Bei einem hochkomplexen medizinischen Eingriff werde die Pflege in der Nachbetreuung als genauso wichtig für die Genesung und den Patienten angesehen wie der ärztliche Anteil der Behandlung, der Eingriff selbst.

Für den Prozess des Umdenkens habe auch die Professionalisierung des Pflegeberufs eine wichtige Rolle gespielt, ist sich der Pflegedirektor sicher. Mittlerweile können Pflegekräfte aus einem breiten Spektrum an Weiterbildungen wählen.

Zu seiner Ausbildungszeit habe es im Prinzip nur drei Karrierewege gegeben: Nach der Grundausbildung sei man später entweder als Anästhesie-Intensiv- und OP-Pflegekraft, als Stations- oder Pflegedienstleitung oder als Lehrer tätig geworden.

"Operationstechnische Assistenten, Stomatherapeuten oder die Fachkrankenschwester Nephrologie - diese Berufe gab es bei uns in den 70-er Jahren noch nicht", erzählt Bechtel.

Bei der Delegation herrscht der Stand von 1975

"Es reicht heute nicht mehr - salopp gesagt - zwei wollende Hände zu haben, um eine gute Schwester oder Pfleger zu sein", so Bechtel.

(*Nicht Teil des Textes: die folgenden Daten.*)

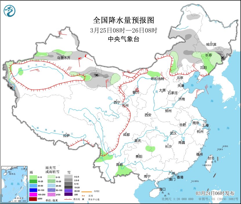 3月24日08時至25日08時,新疆北部和沿天山地區(qū)、內(nèi)蒙古東部、黑龍江西北部、吉林西北部和東部、河北北部等地部分地區(qū)有小到中雪或雨夾雪,其中,新疆阿勒泰和沿天山高海拔地區(qū)、內(nèi)蒙古東部等地部分地區(qū)有大到暴雪(10~15毫米)。新疆沿天山地區(qū)和伊犁河谷、內(nèi)蒙古東南部和西北部、遼寧北部、華北北部、西南地區(qū)南部和東部等地部分地區(qū)有小雨,其中,新疆伊犁河谷等地部分地區(qū)有中到大雨。內(nèi)蒙古中西部、山西北部、河北北部、黑龍江西部、山東半島、新疆北部等地部分地區(qū)有4~6級風(fēng)。內(nèi)蒙古西部、寧夏北部等地部分地區(qū)有揚(yáng)沙或浮塵,局地有沙塵暴。

Die Pflege sei eine anspruchsvolle Profession, nicht nur auf die fachliche Qualifikation bezogen, sondern auch was in der Beziehungsarbeit mit Patienten und deren Familien geleistet werde.

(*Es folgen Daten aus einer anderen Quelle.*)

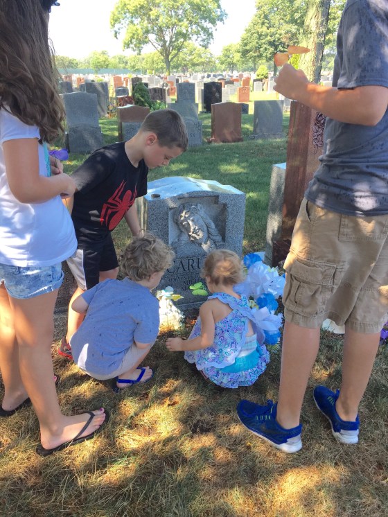 We took our kids to visit our Great Grandmas grave. Each kid gave her their favorite color butterfly. And then we got hit with the most powerful sprinkler ever created. Apparently it was watering day. Me and Keri were convinced that was Nanny telling us to bathe our children because honestly there was not a lot of that happening since they were playing so much and passing out every day.
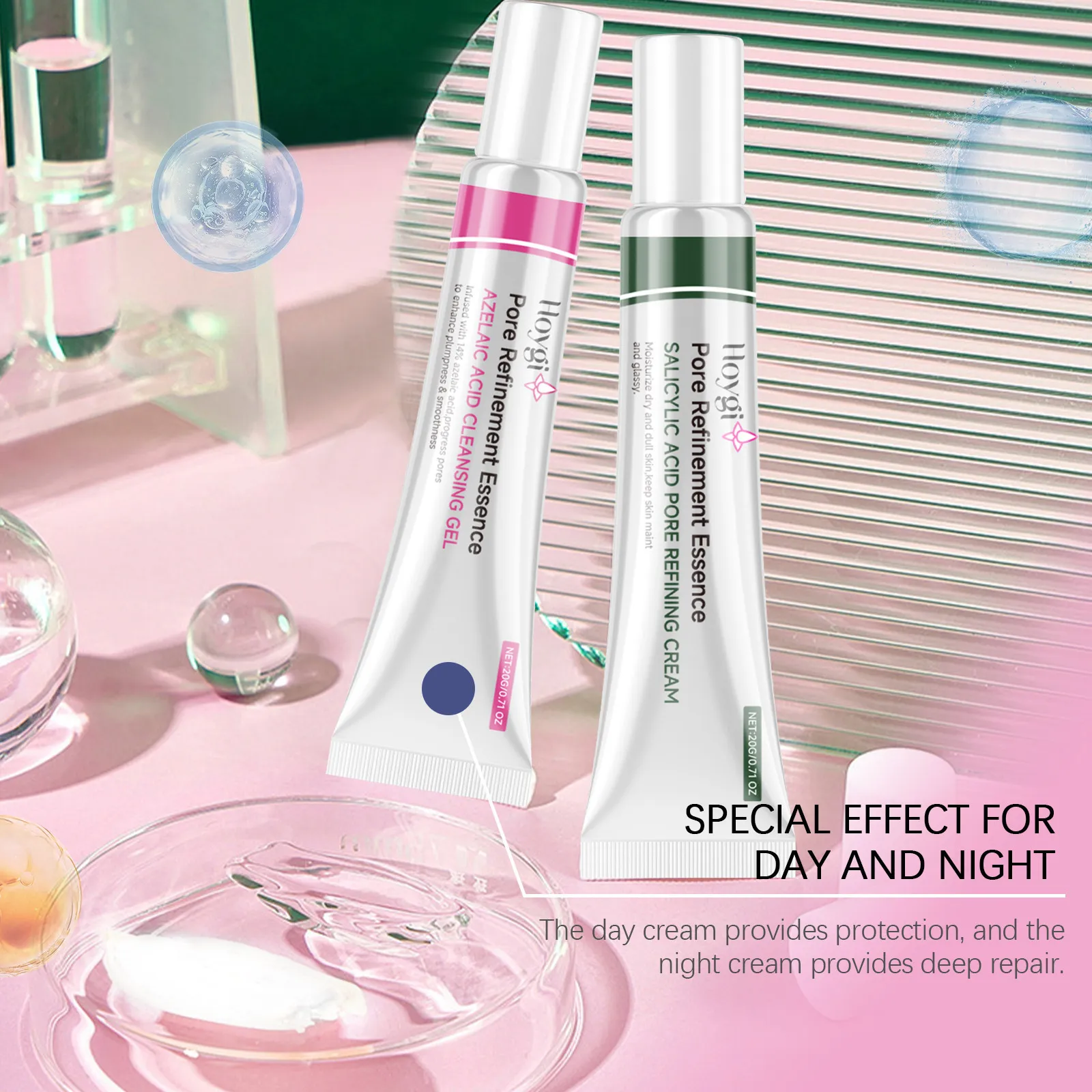 Ingredients: azelaic acid Cleansing Gel: water, azelaic acid, hyaluronic acid, tea leaf extract, glycerosalicylic acid pore fine cream:

"Wir sind nicht nur da, wenn's schön ist, sondern auch wenn es um Leid, Schmerz und Sterben geht."

Doch auch heute noch fühlt sich der Pflegedirektor teilweise an die 70-er Jahre erinnert. Etwa, wenn es um das Thema "Delegation" geht. "Da habe ich manchmal das Gefühl, im Zusammenspiel von Ärzten und Pflege sind wir noch auf dem Stand von 1975."

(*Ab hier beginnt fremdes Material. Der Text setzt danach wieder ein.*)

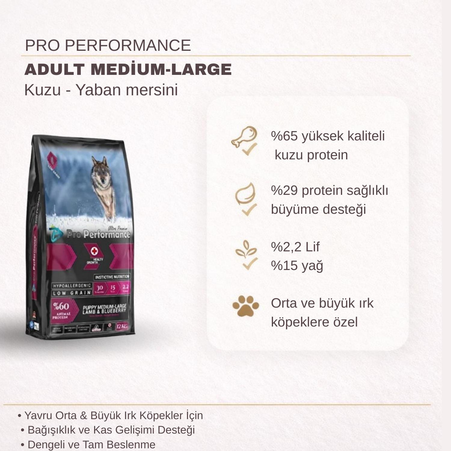 Properformance Puppy Dog Medium&Large Lamb&Blueberry 12 kg, yavru köpeklerin beslenme ihtiyaçlarını karşılamak için özel olarak formüle edilmiştir. Kuzu etli ve yabanmersini ile harmanlanmış muhteşem lezzeti ile köpekleriniz için kusursuz bir beslenme sunar.

Nach wie vor herrsche eine starke Abgrenzungspolitik zwischen den Disziplinen. So sei bereits vor 30 Jahren in der Diskussion die Blutentnahme durch das Pflegepersonal aktuell gewesen.

"Als optimales Verhältnis zwischen Arzt und Pflege stelle ich mir eine Begegnung auf Augenhöhe vor, bei der jede Seite die fachliche Kompetenz der anderen respektiert", sagt Bechtel.

Voraussetzung dafür sei allerdings, dass der Pflege vorbehaltene Tätigkeiten endlich definiert würden. Das schaffe Klarheit für eine gute Zusammenarbeit und bringe Pflegekräfte aus der bisher vielfach existierenden rechtlichen Grauzone heraus.

Denn eines steht für Bechtel fest: "Auch vor 30 Jahren haben Pflegekräfte in der Praxis Tätigkeiten übernommen, die den Ärzten zugeordnet waren."